Resource Management: Long-running queries consume database resources such as CPU, memory, and I/O, potentially impacting other concurrent queries and user transactions. Identifying and optimizing these queries ensures efficient resource utilization.
User Experience: Timely response to user requests is crucial for a positive user experience. Monitoring long-running queries allows for timely intervention and optimization to ensure optimal response times and user satisfaction.

8. Transaction IDs

Overview

*Transaction IDs - (*XIDs) in PostgreSQL are identifiers assigned to transactions for managing database concurrency and ensuring data consistency.
Monitoring transaction IDs and addressing the transaction wraparound issue is crucial for maintaining database stability and preventing downtime.

Query

SELECT datname, age(datfrozenxid) AS xid_age, datfrozenxid FROM pg_database;

The query was sourced from this link .
This query retrieves information about databases, including the database name (datname), the age of the oldest transaction ID (xid_age), and the frozen transaction ID (datfrozenxid), which is used to determine when transaction wraparound may occur.

Why It Matters

Transaction Wraparound: Transaction wraparound occurs when transaction IDs reach the maximum value and wrap around to the beginning, potentially causing database downtime.
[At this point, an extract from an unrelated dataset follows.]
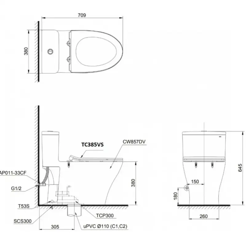 Thông Số Kỹ Thuật Chi Tiết Của Bồn Cầu 1 Khối TOTO MS857DT3/TC385VS: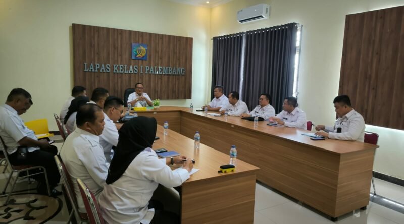 PALEMBANG – Kalapas Kelas I Palembang Veri Johannes melaksanakan rapat peningkatan kewaspadaan selama bulan suci ramadhan dan hari raya idul fitri 1446 H / 2025 M bersama jajaran pejabat struktural Lapas kelas I Palembang.

Monitoring transaction IDs and addressing the wraparound issue is crucial for preventing this scenario.
Database Stability: Transaction wraparound can lead to database instability and downtime, impacting business operations and user experience. Proactive monitoring and mitigation of transaction wraparound issues ensure database stability and uninterrupted service.
Preventive Measures: Regular monitoring of transaction IDs allows database administrators to take preventive measures such as performing regular vacuuming and ensuring sufficient headroom for transaction IDs to prevent wraparound.